I turned to Silverton and whispered, “We're on a fool's errand, aren't we?”

“My dear Truelove,” he whispered back, “the truth is immaterial. We have only to convince the lady that we have reached the exact spot of the poor bloke's demise.”

“You would deceive her?”

He tilted the glass bottle over his tin cup and allowed a stream of water to fall inside. “It's not a deception. He might just as well have plunged off here as anywhere. Water?”

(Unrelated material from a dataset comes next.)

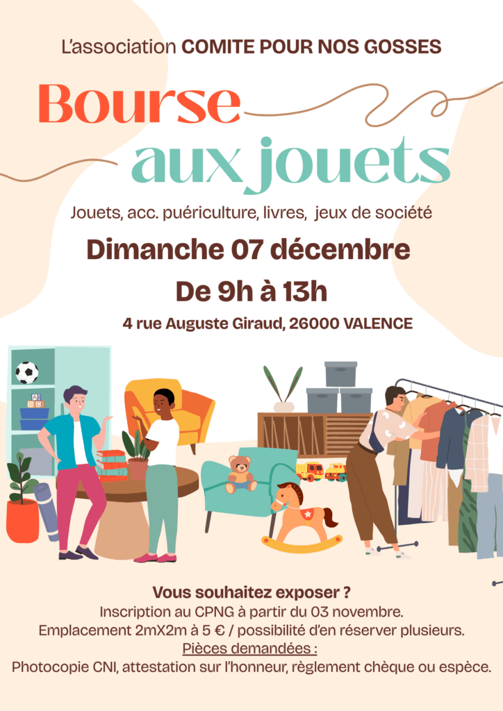 Le CPNG vous donne rendez-vous le dimanche 7 décembre de 9h à 13h au CPNG à Valence pour sa grande bourse aux jouets de fin d’année !

“Thank you.” I accepted the cup from his hand and shifted my eyes to the figure of the duke, who was pacing along the cliff path nearby, turning over an object in his pocket that I knew to be the medallion. I had done much the same trick, hadn't I, as we walked along the road in Naxos.

But
you
will keep an eye on her for me, won't you, Miss Truelove?

I returned my gaze to the point in which I had last noticed Desma. She was still there, sitting upon a solitary boulder, staring out to sea. Her gaze was steady and unblinking, and her hair was loose, moving in the breeze. The falling sun turned her face to gold.

“She is beautiful,” I murmured.

“Desma? Oh, yes. Quite.” Next to me, Silverton fidgeted with the bottle, spinning the glass slowly between his large hands. His injured leg stretched out stiffly before him, and his cane lay across his thighs. I sensed a turn in the subject of his thoughts, and before I could rise and walk away, he said, “You have not given me an answer, you know.”

For an instant, I considered saying, disingenuous:
An answer to what?

I lifted the tin cup and drank thirstily. “I miss your pipe, at a moment like this. Did you leave it on board?”

“Yes. But I thought you disliked my pipe.”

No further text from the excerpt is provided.